Group the variable according to its value and get a histogram
I'm trying to group the variable according to its values and get a histogram.
For example, this is my data:
r <-c(1,899,1,2525,763,3,2,2,1863,695,9,4,2876,1173,1156,5098,3,3876,1,1, 3023,76336,13,003,9898,1,10,843,10546,617,1375,1,1,5679,1,21,1,13,6,28,1,14088,682)
I want to group r by its value, like: 1-5, 5-10, 10-100, 100-500 and more than 500. And then I want to get a histogram which the x axis is in the type of interval (1-5,5-10,10-100,100-500 and more than 500) . How to solve that?
If I want to use le package ggplot2, code as following:
ggplot(data=r, aes(x=r))+geom_histogram(breaks = c(1, 5, 10, 100, 500,2000,Inf))
It dosen't work and R says that "missing value where TRUE/FALSE needed". And how to make the larges of bins are the same?
In base R
r <-c(1,899,1,2525,763,3,2,2,1863,695,9,4,2876,1173,1156,5098,3,3876,1,1,5, 3023,76336,13,003,9898,1,10,843,10546,617,1375,1,1,5679,1,21,1,13,6,28,1,14088,682) cut.vals <- cut(r, breaks = c(1, 5, 10, 100, 500, Inf), right = FALSE) xy <- data.frame(r, cut = cut.vals) barplot(table(xy$cut))

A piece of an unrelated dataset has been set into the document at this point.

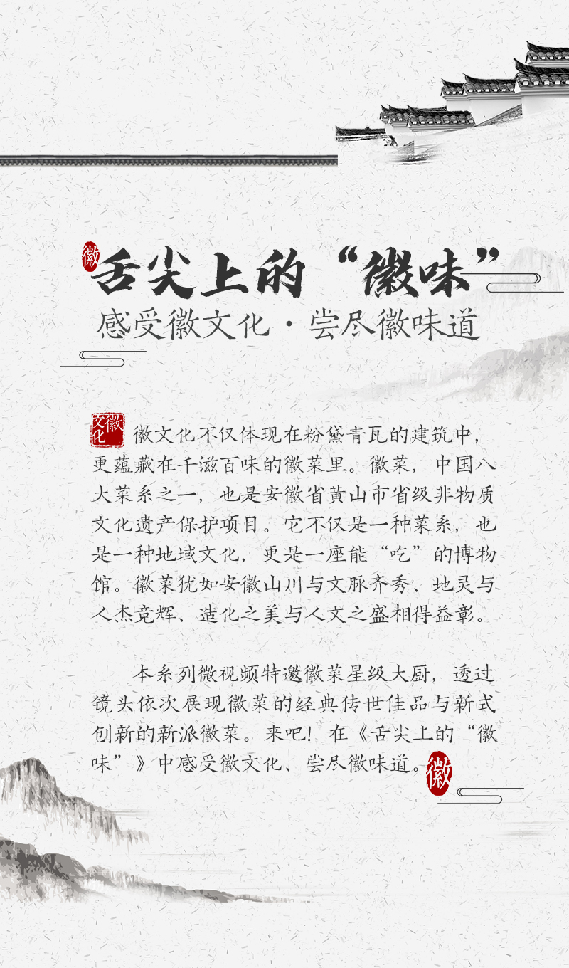 ????? ??徽州毛豆腐是徽州地區(qū)的傳統(tǒng)名菜,是表面長有寸許白色茸毛的霉制品。地處安徽南部的徽州地區(qū),獨特的地理環(huán)境和溫潤的氣候條件,孕育出了毛豆腐這種地域美食。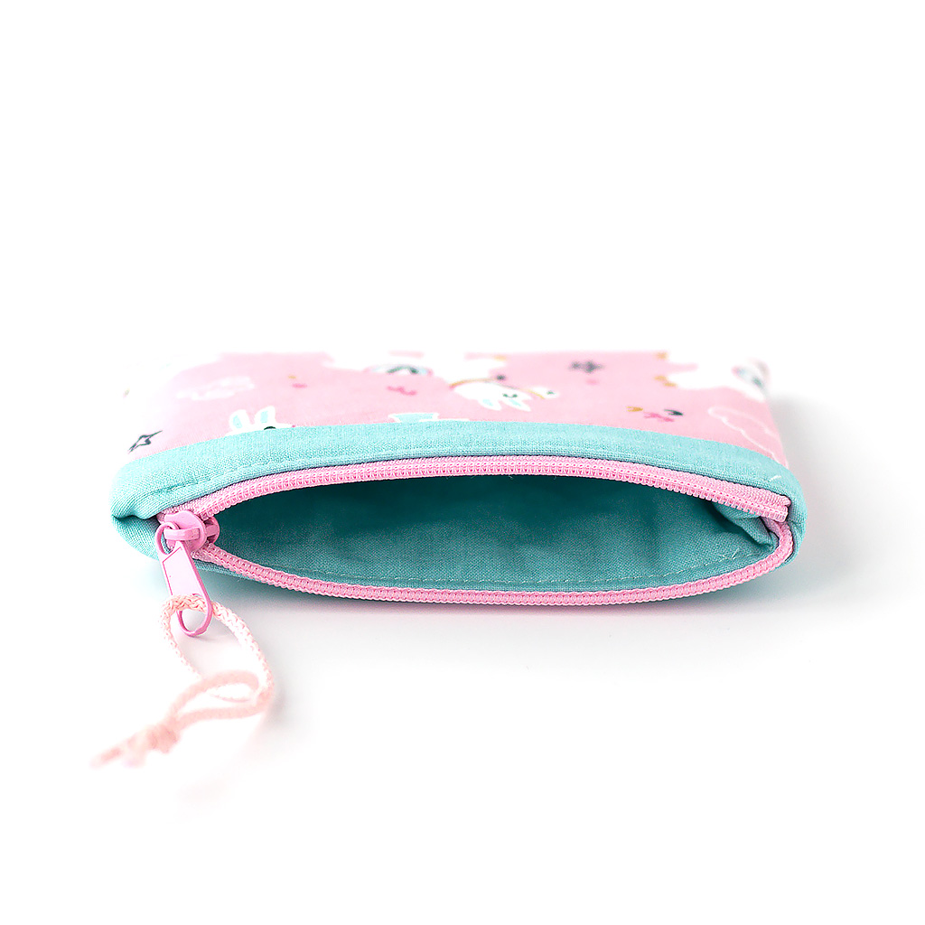 Süße Kindergeldbörse mit fröhlichem Lama-Motiv – aus 100 % Baumwolle gefertigt und mit Reißverschluss versehen. Perfekt für kleine Entdecker, die ihr Taschengeld oder kleine Schätze sicher aufbewahren möchten. Ein liebevolles Accessoire für Alltag, Kindergarten oder Ausflüge.

Note that I added the xy variable to ease in comparing how values were grouped. You can directly put cut.vals into the barplot(table()).
To use ggplot2, you can pre-calculate all the bins and plot
ggplot(xy, aes(x = cut)) + theme_bw() + geom_bar() + scale_x_discrete(drop = FALSE)
geom_histogram's most common parameter that controls bin size is binwidth, which is constant for all bins.